Zitat von Gert im Beitrag #114
Zitat von Alfred im Beitrag #110
Gert,

sehr seltsam Rechnung, wenn man dies überhaupt so nennen möchte.

Da hat es Herr Jahn als Chef der BStU besser, immerhin mit B 9 und einem Grundgehalt von rund 11.000 Euro im Monat.



@Alfred , da kannst du mal sehen, wie lausig die Löhne in der DDR waren im Vergleich zur Bundesrepublik. Aber immerhin, nach Abzug der gigantische Rüstungskosten blieb eben nicht mehr übrig. Ich habe mich gern ausbeuten lassen, als leistungsorientierter Mensch und AN wurde ich entsprechend bezahlt.

Irgendwo habe ich mal die Gehälter von DDR Ministern gelesen, ich habe sie mit meinem Jahresgehalt verglichen und musste schmunzeln. Ich konnte sie deutlich toppen.

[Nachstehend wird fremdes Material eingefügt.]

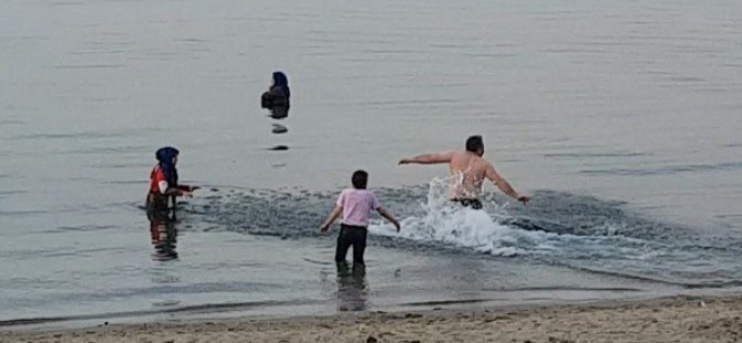 Soğuk havaya aldırış etmeyen aralarında gençler ve çocuklarında olduğu bir aile Güzelyalı'da denize girdi. Soğuğa aldırış etmeden suya atlayıp yüzen aileyi görenler adeta şok oldu.
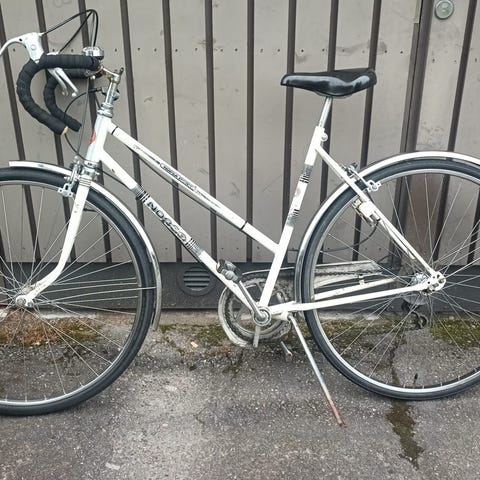 Nopsa pyörä heti ajettavassa kunnossa takatarakalla on kori. Lokasuoja on tarkoituksella takapyörässä lyhennetty
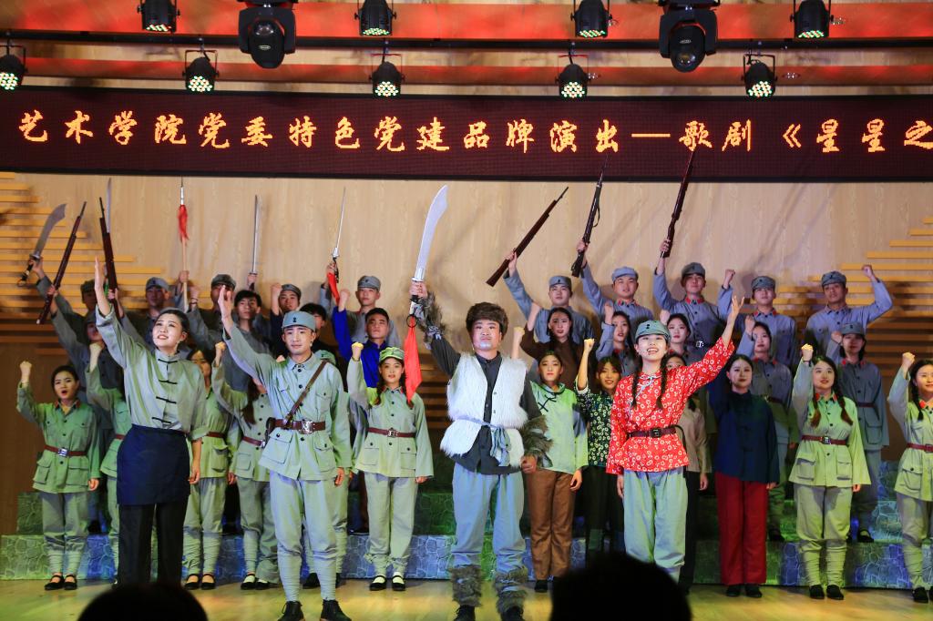 6月16日、19日,必赢3003no1线路检测中心开展特色党建品牌、党性教育专场演出,也是第四届“惟真·尚美”大学生艺术节的特色内容,为全校新党员演出经典歌剧《星星之火》,学院师生党员、全校400余名新党员共同观看了歌剧。
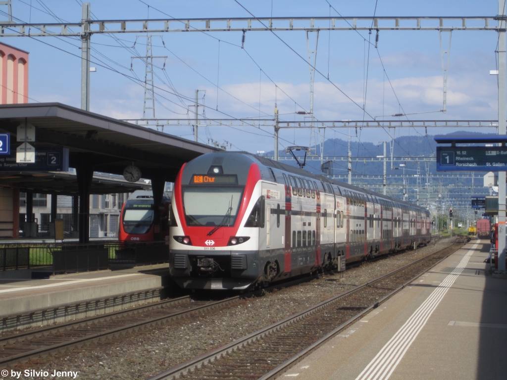 RABe 511 036 am 17.5.2015 in St.Margrethen als RE 4879 nach Chur.
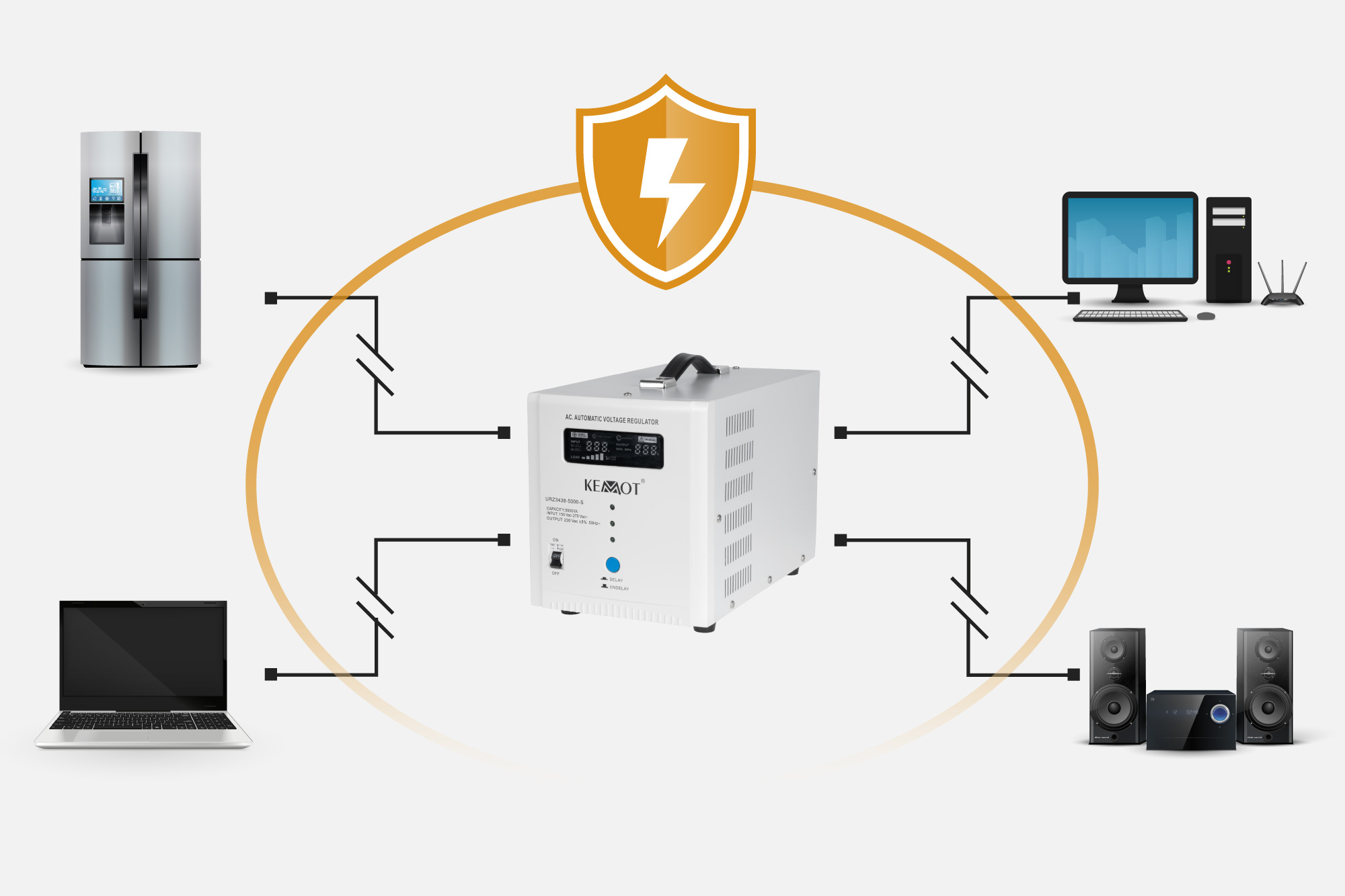 <h2>Zabezpiecz swoje urządzenia przed skokami napięcia</h2><p>Niezależnie od obciążenia sieci i wahań napięcia wyjściowego, stabilizator KEMOT SER-5000-S utrzymuje je na poziomie 230 V ±8%, pozwalając na wydajną pracę wszystkich urządzeń, w tym tych wrażliwych na jakość napięcia sieci. Regulacja odbywa się automatycznie, co zapewnia wysoką dokładność napięcia wyjściowego. KEMOT SER-5000-S znajdzie zastosowanie w warunkach domowych, jak i biurowych, idealnie sprawdzając się do telewizorów i sprzętu RTV, a także kolumn głośnikowych, miniwież i innych urządzeń audio/video, czy komputerów.</p>
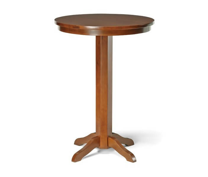 With timeless style and comfort, the Traditional Pub Table completes any game room setting. This table features a 30″ round top with a smooth finish, a 42″ height, and an eclectic prism shaped solid wood pedestal and base.

Guckst du hier ein Beispiel, Minister Reichelt :http://www.mz-web.de/politik/ddr-erbe-mi...2,17708802.html


Lila: Irgendwie widersprichst Du Dich hier zu deinen Punkten in #109. Denn wenn das so wäre, wie Du da schreibst, hätten die Gehälter der DDR-Minister auch höher gewesen sein müssen, auch bei geringerer Produktivität der DDR-Wirtschaft. Brauchst nur mal die Privatgewinne von Regierungschefs und ihrem Clan zu nehmen, die Länder regieren, die wirtschaftlich weit unter der Leistung der DDR lagen.